Com enfoque diferente, a pesquisa utiliza o monitoramento para gerar informações que aperfeiçoem o Manejo Integrado da Praga (MIP), mas há também o propósito de refinar as técnicas de monitoramento para que elas possam ser utilizadas em grande escala pelos produtores que cultivam vastas áreas. Estima-se que um monitoramento bem feito pode reduzir em até 40% a frequência de aplicação de inseticidas, o que tem impacto positivo no custo de produção, na preservação ambiental e na qualidade do produto.
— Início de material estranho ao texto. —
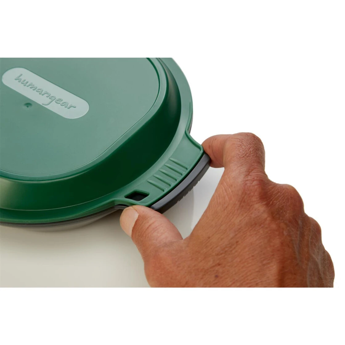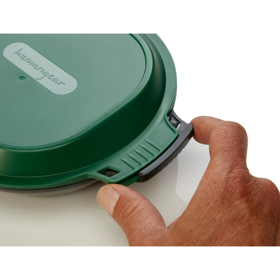 Die Lunchbox mit einem intelligenten Design und aus recycelbarem Polypropylen hergestellt. Durch einfaches Drehen, ist die Lunchbox leicht zu öffnen und zu schließen. Dies sorgt für den sicheren Transport ihrer Mahlzeit. Die Konturen am Rand entsprechen der Form des Uno-Löffels zum einfachen Schaben. Eine gummierte Fläche mit Thermorippen am Boden, verhindert ein Abrutschen des Essens auf einer Tischplatte. Ausgestattet mit Befestigungslöcher und einem Zahnstocher. Das Set ist spülmaschinenfest und mikrowellengeeignet. In verschiedenen Ausführungen erhältlich.

Quanto maior a área de adoção do manejo integrado da mosca-branca, melhor o retorno quanto à redução da incidência do inseto-vetor e do vírus. Para isso, pesquisa, extensão rural, órgãos públicos e agricultores têm que estar sensibilizados para o problema que, em situações extremas, pode ocasionar quebra de safra e desabastecimento. "Há necessidade de mobilização de todos os elos da cadeia produtiva para levantar demandas de pesquisa relacionadas à seleção de produtos e de cultivares e detecção de resistência para que, desta forma, possamos vencer o desafio que a mosca-branca impõe à tomaticultura nacional", conclui o pesquisador.
Os danos da mosca
A mosca-branca é um inseto sugador de seiva e transmissor de vírus. Além de prejudicar o desenvolvimento normal da planta, o que naturalmente reduz a produção, no processo de alimentação, a mosca-branca injeta toxinas que, no caso do tomateiro, ocasionam o amadurecimento desuniforme e a isoporização dos frutos. Quanto aos vírus, a praga pode transmitir para o tomate o begomovírus, o crinivírus ou, ainda, ambos, o que é chamado de mistura viral. Esta possibilidade preocupa a pesquisa, que já questiona se a combinação pode interferir no manejo de outros vírus do tomateiro, como o tospovírus, transmitidos pelos tripes. Com mecanismos que favorecem a adaptação em condições extremas, a mosca-branca apresenta alta taxa de fecundidade, além de ter como característica a partenogênese, ou seja, a fêmea é capaz de produzir clones que vão manter possíveis genes de resistência a produtos químicos, o que facilita o estabelecimento da população da praga.